During conversations, you will be presented with a list of the questions that
you can ask. Then it is a simple matter of clicking the questions and listening
to the responses until you run out of questions to click. The order that you ask
the questions doesn’t matter either; you just keep clicking questions until the
game decides that you are done.
Collected evidence can be taken back to the CSI lab for analysis. This
usually means dragging the evidence onto Greg so that he can tell you what
you’ve got or scan it into the crime computer for you. The crime computer is
used to look for fingerprint matches, decryption, tire tread analysis, and the
like. Click on the icon for the evidence and then click on a search button and
the computer will look up the results for you. To add a gameplay element to this
process, the computer will return five potential matches and it is up to you to
determine which is the correct one. This is a trivial process for things like
tire tread patterns, but is near impossible for fingerprints. Believe me, it is
not very much fun to strain your eyes looking for tiny differences in swirl
patterns. Fortunately there’s no penalty if you make a mistake. Your partner
will say something like “that’s not a match, look closer” and you’re free to
guess again.
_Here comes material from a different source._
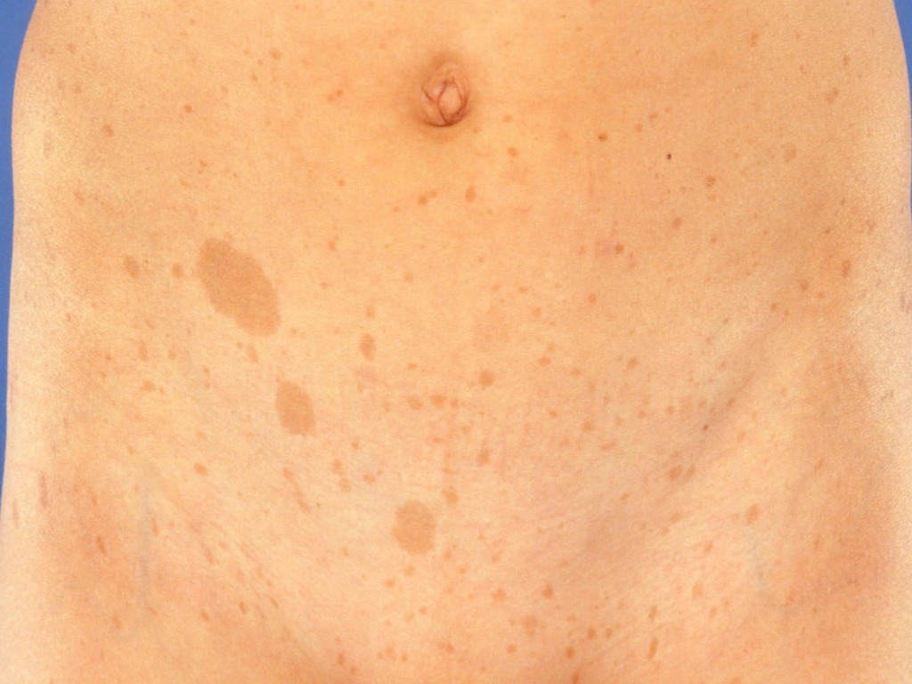 lichtbruin gepigmenteerde maculae (0.5-50 cm), niet exclusief voor NF indien
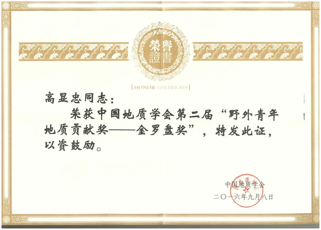 同时,他还主持参与了石墨、陶粒页岩、霞石、磷、大理岩等30多个矿种的找矿、勘查工作,累计提交的资源量超过3亿吨。他所取得的荣誉不胜枚举,其中,国家级一等奖1项,省部级一等奖3项、二等奖1项,以及2项国家专利。在2016年9月,荣获中国地质学会第二届“野外青年地质贡献奖——金罗盘奖”。

All that you really need to do at this stage is click though the
possible matches one by one until the game tells you that you are right. Are we
having fun yet?
As you progress through a case and uncover new evidence, new locations will
become available and new suspects will come to light. You can go to the new
locations or revisit existing ones by simply clicking on the icon for the
location. There’s no penalty for jumping back and forth between locations. Every
time a new piece of evidence is identified or you interrogate a suspect, updates
are made to your case file. The case file maintains a list of your suspects and
their ties to the crime, victim, and evidence. Should you build a connection
between a suspect and the crime scene and victim and uncover a possible motive,
you can obtain a warrant to search a location or bring the suspect in for
questioning. This basically opens up a new area of a location in which to hunt
for evidence or gives you a new set of questions to ask.